Thank you. I also wanted to add that I tested the above code on synthetic data generated from the same model as the Bayesian model written above (sampled true parameters according to the priors, then sampled data according to those parameters). On this (well-specified) synthetic data, the model still fails to converge on large datasets, even though it converges well for smaller datasets.

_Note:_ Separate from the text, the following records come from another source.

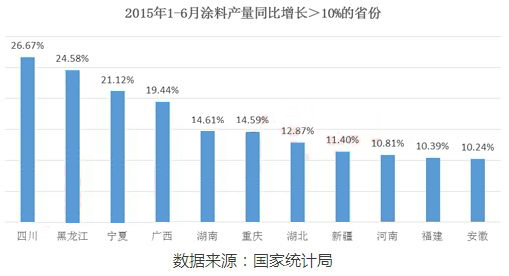 值得注意的是,中西部地區(qū)的防水涂料后勁十足,銷量大增。2015年上半年,四川省表現(xiàn)非常突出,其涂料總產(chǎn)量同比增長(zhǎng)高達(dá)26.67%,涂料產(chǎn)量達(dá)到了56.21萬(wàn)噸,位居第二梯隊(duì)之首,總排名第四。上半年四川省比去年同期增加涂料產(chǎn)量約15萬(wàn)噸,新增產(chǎn)量相當(dāng)于北京市上半年涂料總產(chǎn)量8.6萬(wàn)噸的1.74倍。排名第五和第六的分別為湖南49.20萬(wàn)噸、山東45.63萬(wàn)噸。下圖是2015年1-6月涂料產(chǎn)量同比增長(zhǎng)>10%的省份。
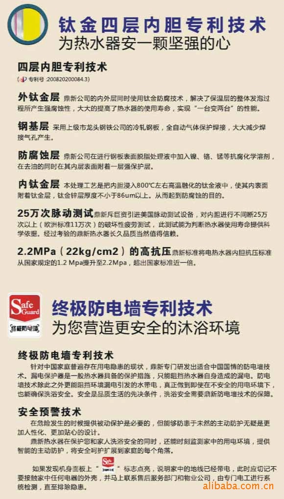 浙江鼎新电器是中国电热水器行业的创始企业之一,在该行业已有二十多年的专业制造经验,拥有“电热水器防电墙”安全技术的三大品牌企业之一。是一家集研发、生产、销售、服务于一体的现代化企业。鼎新系列产品均通过国家电工委员会安全认证,获得国家3C安全质量认证、 ISO9001认证和欧共体CE认证,并获得符合国家标准的“终极防电墙”专利技术认证和“四层内胆”专利技术认证,欢迎咨询洽谈。
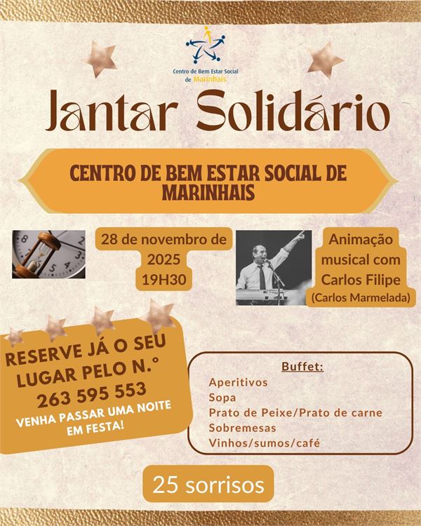 O CBESM vai abrir as portas à nossa Comunidade e irá dinamizar o Jantar Solidário do CBES Marinhais no dia 28/11/2025 que será realizado no edificio do Centro de Dia.
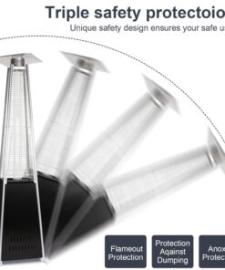 - Pyramid heater cover included: You’ll be assured a custom-like fit while fade-resistant fabric protects your pyramid heater. In windy weather, please move the heater to the house to avoid unnecessary losses.
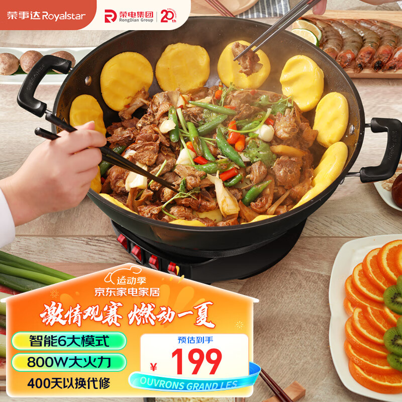 荣事达 电炒锅 家用铸铁多功能电热锅多用途锅山东锅电煮锅电火锅多人电蒸锅 RDTF-34价格:199.00元!
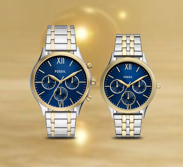 The Fossil Fenmore Couple Quartz Blue Dial Multi-Function Stainless Steel Watch BQ2900SET is an elegant and cohesive timepiece set, perfect for couples who want to share a matching style. This set features two beautifully crafted watches with dark blue dials and silver-gold stainless steel straps. The men’s watch has a 44 mm case, while the women's version has a slightly smaller 36 mm case. Both are made from sturdy brass for durability.
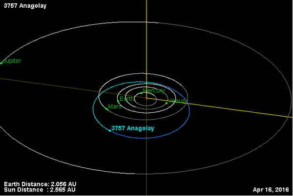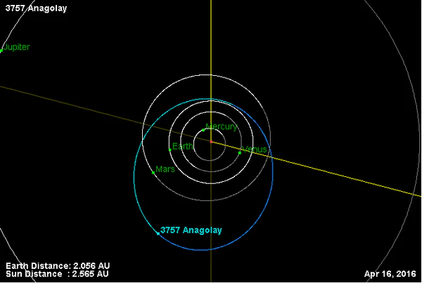 Орбита астероида Анаголай и его положение в Солнечной системе

martinjankowiak · October 26, 2024, 5:32pm

i don’t really understand the structure of your model but i wouldn’t be surprised if you’re suffering from numerical issues. these kinds of computations can be numerically dangerous (as e.g. phi goes to zero or one):

log_ratio = jnp.log((phi / (1 - phi)) * ((1 - thresholds_in_p_space[k]) / thresholds_in_p_space[k]))

for example maybe jnp.log(1 - search_rate) should use jnp.log1p. in general you should probably think about how to rewrite your computations to be more numerically stable.

also make sure you’re using 64-bit precision.